Makromolekulare Kristallisationsversuche wurden unter Verwendung des HiLiDe-Ansatzes (hohe Konzentrationen an Lipid und Detergenz)25 durchgeführt. Eine 25 mg/ml-Stammlösung von 1,2-Dioleoyl-sn-Glycero-3-Phosphocholin (DOPC) (Anatrace) in Chloroform wurde hergestellt und durch Chloroformverdampfung unter einem Stickstoffstrom ein dünner Lipidfilm in einem Glasfläschchen erzeugt . 10 mg/ml AfCopA-Proteinprobe und C12E8 wurden hinzugefügt, um Endkonzentrationen von 2,25 mg/ml DOPC und 5 mg/ml C12E8 zu erhalten. Die Probe wurde 16 Stunden lang bei 4 °C unter leichtem Rühren inkubiert. Aggregate wurden durch 20-minütige Ultrazentrifugation bei 50.000 × g entfernt, wonach 1 mM CuSO4 zum Überstand gegeben wurde (für die Apo-Kristalle wurde keine Ergänzung vorgenommen). Kristalle wurden unter Verwendung der Dampfdiffusionsmethode mit hängenden Tropfen in Platten mit 24 Vertiefungen gezüchtet, die 400 µL Reservoirlösung, ergänzt mit 5 mM BME, in Tropfen aus 1 µL Proteinprobe und 1 µL Reservoirlösung enthielten. Nach 10 Tagen in 1,5 M Ammoniumcitrat, 0,1 M MES, pH = 5,5, wurden Kristalle mit einer Beugungsgröße von 3,3 – 3,5 Å erhalten. Endgültige Daten der Beugung bis 2,8 Å wurden an einem Kristall gesammelt, für den 5,0 mM 06:0 Lyso PC (Avanti) als Additiv verwendet wurde. Alle Kristalle wurden mit LithoLoops (Molecular Dimensions) gefischt und in flüssigem Stickstoff schockgefroren. Die Daten wurden an der Swiss Light Source, dem Paul Scherrer Institut, Villigen, Schweiz, Strahllinie X06SA gesammelt.
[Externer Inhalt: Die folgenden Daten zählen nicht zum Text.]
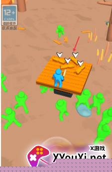 1、初始仅有一块木筏,玩家可利用它攻击僵尸,搜集更多有用的资源,并不断壮大队伍。
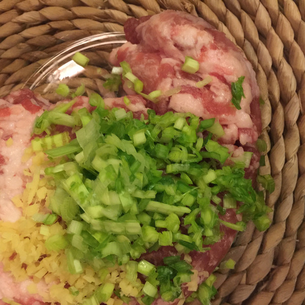 肉馅加入切碎的青蒜末姜末,加入盐3g 、十三香1勺 、蚝油1勺、酱油1勺、蔬之鲜1勺(这部分的调料勺为茶匙,1茶匙的调料重量大概2g左右)清水30ML顺时针搅拌直到水和肉馅完全融合,搅拌时觉得有点费力即可。
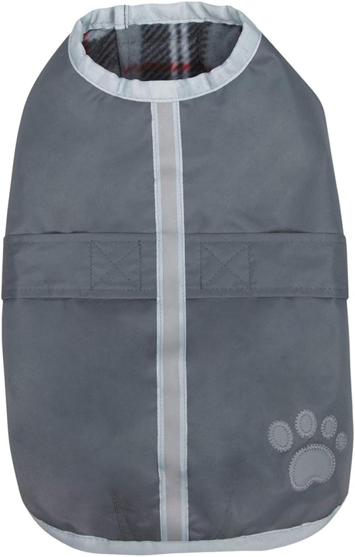 Zack & Zoey Nor'Easter Blanket Coats help pets take a bite out of nasty weather. This jacket features a reversible water-resistant shell, a soft plaid fleece lining and a reflective stripe and paw print detailing on back with neck and belly Velcro closures for an adjustable fit. Comes in polybag with a hanger and hangtag. Please have the attached asin's product descriptions setup like below as the product details need to be clearly seen for the customer and everything is jammed together. Zack & Zoey Nor'Easter Blanket Coats help pets take a bite out of nasty weather. This jacket features a reversible water-resistant shell, a soft plaid fleece lining and a reflective stripe and paw print detailing on back with neck and belly Velcro closures for an adjustable fit. Comes in polybag with a hanger and hangtag. Material: 100% Polyester Care Instructions" Machine was cold on gentle cycle. Line dry. How to Measure your Dog: Back: Measure length of pet's back from the base of the neck to the base of the tail. Neck: Measure the circumference of pet's neck for a snug fit. No need to add Inch as you would with collar. Chest/Girth: Measure the girth around the broadest part of the chest and add 2 inches. See sizing chart in product details for sizing information or the size chart image located with the images to order proper size.
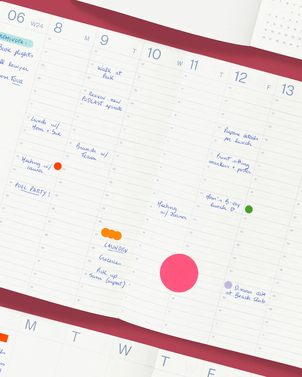 Der neue Planer 2026 von Mishmash in der wunderschönen neuen Farbe Candy startet im Januar und läuft bis zum 26. Dezember 2026. Dank des praktischen A5-Formats lässt sich dieser Planer problemlos überallhin mitnehmen. Im Inneren finden Sie ein praktisches Zeitblock-Layout mit allen Wochentagen nebeneinander und viel Platz zum Schreiben für alle Termine, Termine und Ausflüge. Es enthält eine praktische Monats- und Wochenübersicht und besteht aus hochwertigem 100-g/m²-Papier. Im Inneren befinden sich zwei Klappen, die als Lesezeichen verwendet werden können.
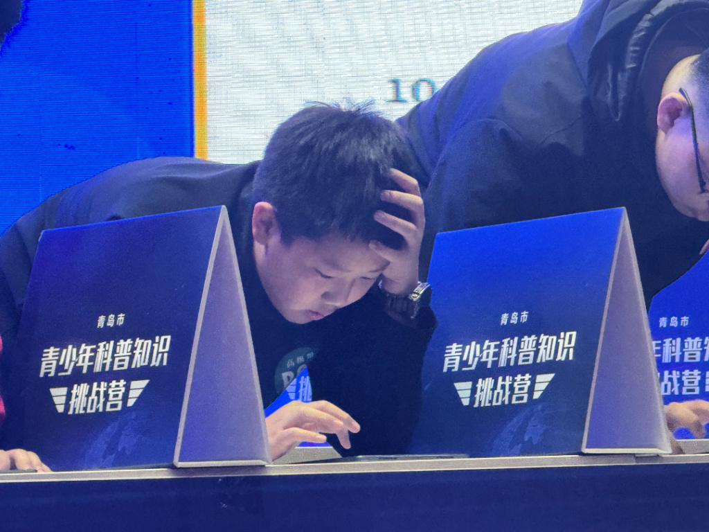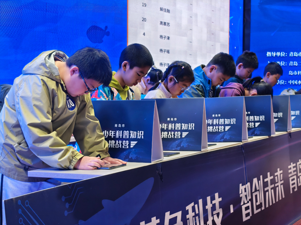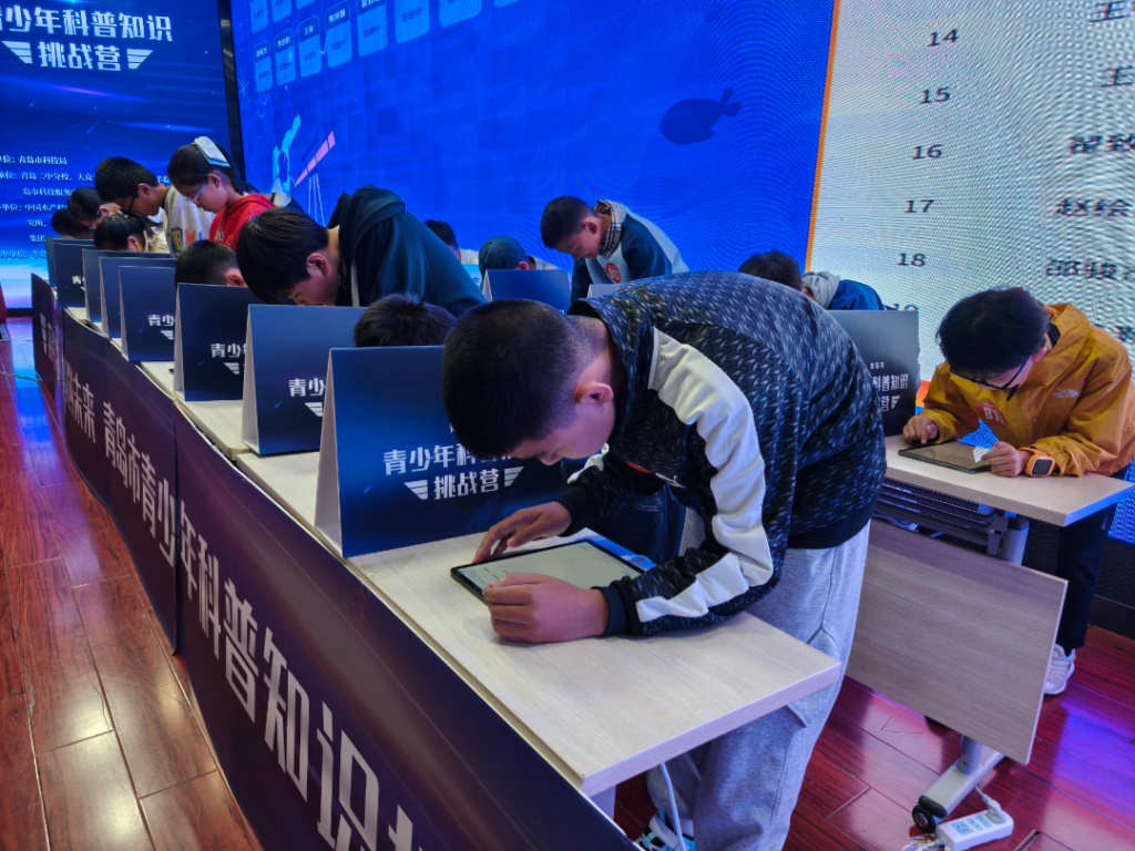 上午八时,正式进入Pad比拼环节,现场气氛瞬间紧张起来。当天分为低、中、高三个组别,按组别登台PK,选手们手指在Pad屏幕上快速滑动,题目涵盖海洋科技、青岛本土科技等丰富领域,答题情况实时在大屏幕呈现。选手们有的抓耳挠腮,额头上沁出细密的汗珠;有的紧咬嘴唇,眼神中透露出紧张与焦虑,但又迅速调整状态,凭借扎实的知识储备迅速破解。有的选手看到题目后,眼中闪过一丝惊喜,迅速在屏幕上选择答案,脸上露出自信的笑容。不少选手为了争夺答题速度,几乎在同一时间提交了答案,竞争异常激烈,当屏幕上出现100分时,现场惊呼声、掌声瞬间响起。“太刺激了,题目很有挑战性,但我很享受这种挑战的过程。”一位参赛选手在答题结束后兴奋地说道,“我感觉自己的知识得到了充分的运用,也发现了自己还有很多需要学习的地方。”

Die gesammelten Daten wurden mit XDS46 verarbeitet und skaliert. Die Bestimmung und Verfeinerung der nachgelagerten Struktur wurde mit Phenix44 durchgeführt. Erste Phasen wurden in PHASER47 durch molekularen Ersatz erhalten, wobei die Strukturen der löslichen A- und PN-Domänen von AfCopA (PDB-IDs 2B8E und 3A1C)20,21 zusammen mit der M-Domäne von LpCopA (PDB-ID 3RFU)16 angewendet wurden als Suchmodelle. Der erste Modellbau wurde in Coot48 durchgeführt, und die Rosetta-Verfeinerung49 wurde in den frühen Phasen des Modellbaus eingesetzt. Die Daten ermöglichten die Modellierung von Seitenketten in den A-, P- und M-Domänen und die Seitenkettenkonformationen in der N-Domäne wurden anhand verfügbarer Kristallstrukturen (PDB-ID 3A1C)21 gesteuert. Das endgültige Modell umfasst die Reste 82–736, wobei nur 4 Reste am N-Terminus der hier genutzten verkürzten Form fehlen. Alle Strukturfiguren wurden mit PyMOL50 generiert, wobei das PyMol APBS-Elektrostatik-Plugin51 für elektrostatische Oberflächendarstellungen verwendet wurde. Um das AfCopA-AfCopZ-Docking-Modell zu etablieren, wurde in SwissModel52 ein Homologiemodell des CxxC-beherbergenden C-terminalen Teils von AfCopZ unter Verwendung der E. hirae CopZ-Struktur (PDB-ID 1CPZ)53 als Vorlage erstellt. Das Andocken an die ermittelte AfCopA E1-Struktur (hochauflösender Datensatz) wurde mit pyDockWEB mit den Eingaben N157-D159 (AfCopA), C149 + C152 (AfCopZ) durchgeführt.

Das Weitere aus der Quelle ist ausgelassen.